Mike Martinez, one of a team that took over the Cendant case after the first trial, decided to spend less time describing accounting principles, shorten testimony from his witnesses and remove insider-trading charges, leaving only conspiracy to commit securities fraud and two counts of making false statements. When the second trial also resulted in a hung jury, the prosecution decided to add one more witness who had direct contact with Mr. Forbes during the period of the fraud. The government put on its third case in about 10 days, down from five months in the first trial, and Mr. Forbes was convicted in 2006.

“We had to keep it pretty simple so it would make sense,” says Mr. Martinez, now a defense lawyer. He says prosecutors “should probably spend more time in the editing room before the trial begins, but given time and resource constraints, that is easier said than done.”

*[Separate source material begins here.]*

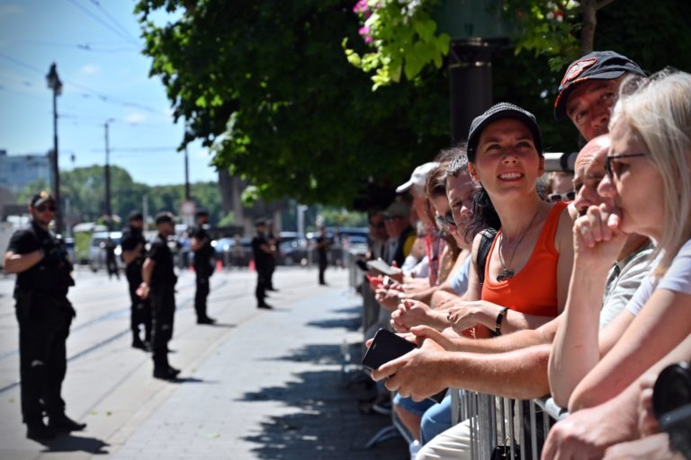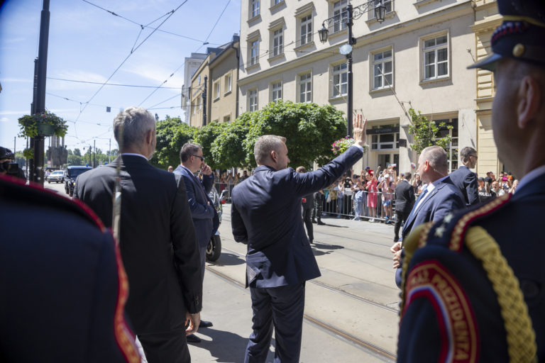 Atmosféra pred budovou Reduty počas príchodu ústavných činiteľov na slávnostnú schôdzu Národnej rady SR v budove Slovenskej filharmónie pri príležitosti inaugurácie novozvoleného prezidenta SR Petra Pellegriniho. Bratislava, 15. jún 2024. Foto: SITA/ Jakub Julény

Defendants usually aren’t crazy about going through the grueling trial process again, either. But the Holy Land defendants celebrated the mistrial as a vindication, their families and supporters complaining that they had been tried for their political beliefs. One juror told the Associated Press that the case “was strung together with macaroni noodles.”

During the retrial, now in its second month, federal prosecutors are paring away. Neither the prosecution nor the defense can comment on the case, because of a long-running gag order. But lawyers who have followed the case closely generally agree that overcomplexity was probably a factor in the mistrial.

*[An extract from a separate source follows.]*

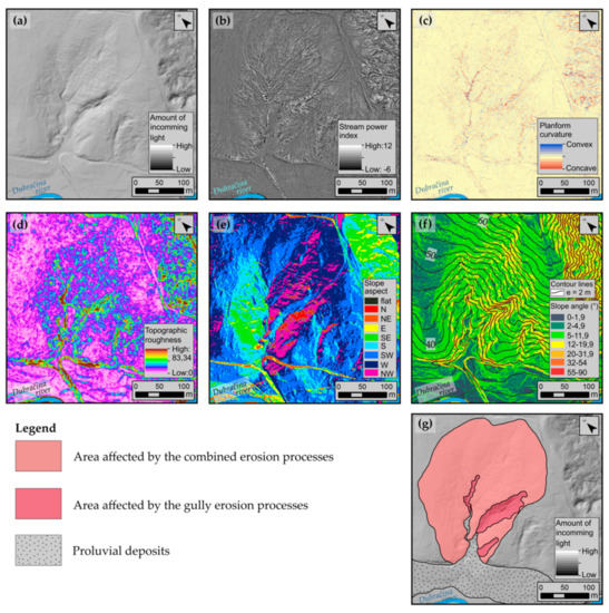 Visualization of topography of area affected by the combined erosion processes on HR LiDAR imagery: (a) the semi-transparent (50%) hillshade map 45°/45° over the hillshade map 315°/45°; (b) the stream power index map; (c) the planform curvature map; (d) the topographic roughness map; (e) the aspect map; (f) the contour line map over the slope map. (g) The hillshade map with delineated polygons representing the area affected by the combined erosion processes, the area affected by the gully erosion processes, and the proluvial deposits.

The case was “diffuse and amorphous,” says Peter Margulies, a law professor at Roger Williams University in Rhode Island who studied it and who believes that information supporting the government’s case “was hidden in the mass of evidence dumped on the jury.”

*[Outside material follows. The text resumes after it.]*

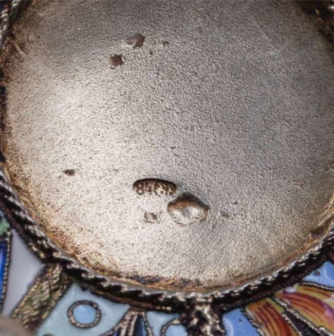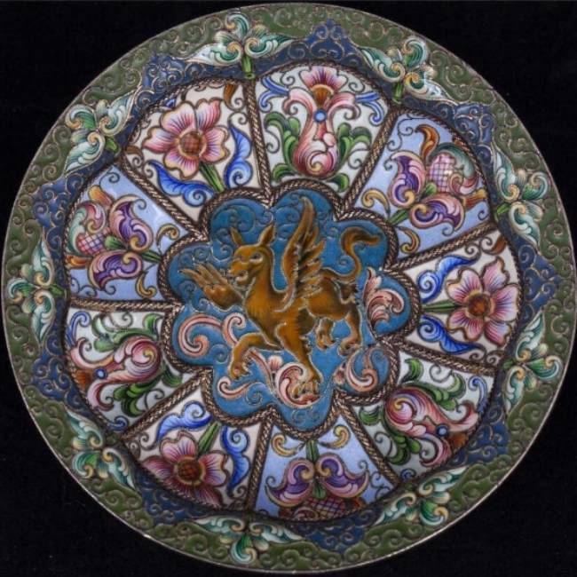Декоративная ваза на ножках шарах в неорусском стиле. Серебро, расписная эмаль, позолота. Мастерская Ф. Рюккерта (?). Москва, 1898-1908.

As in the first trial, the government contends that Holy Land’s organizers deliberately funneled money to charities controlled by Hamas, which the U.S. government designated as a terrorist organization in 1995.

But prosecutors have dropped some charges and added some witnesses — still managing to shorten their presentation by several weeks. They have reorganized the many exhibits, adding posters and PowerPoint slides to help the jury navigate the unfamiliar world of Palestinian charities.

Lawyers for the five individual defendants, who face long prison terms if convicted, have added new witnesses of their own. They continue to argue that their clients were supporting charities that aided impoverished Palestinians, as required by their religious beliefs, not trying to assist Hamas.

Jurors will still have to wade through reams of evidence. Even believers in the government’s case, like Steven Emerson, the founder of the Investigative Project on Terrorism, a research group, say they’re not sure how it will turn out but that the presentation “is much more straightforward” now.
“There’s less of the clatter that clogged up the narrative last time around,” he says.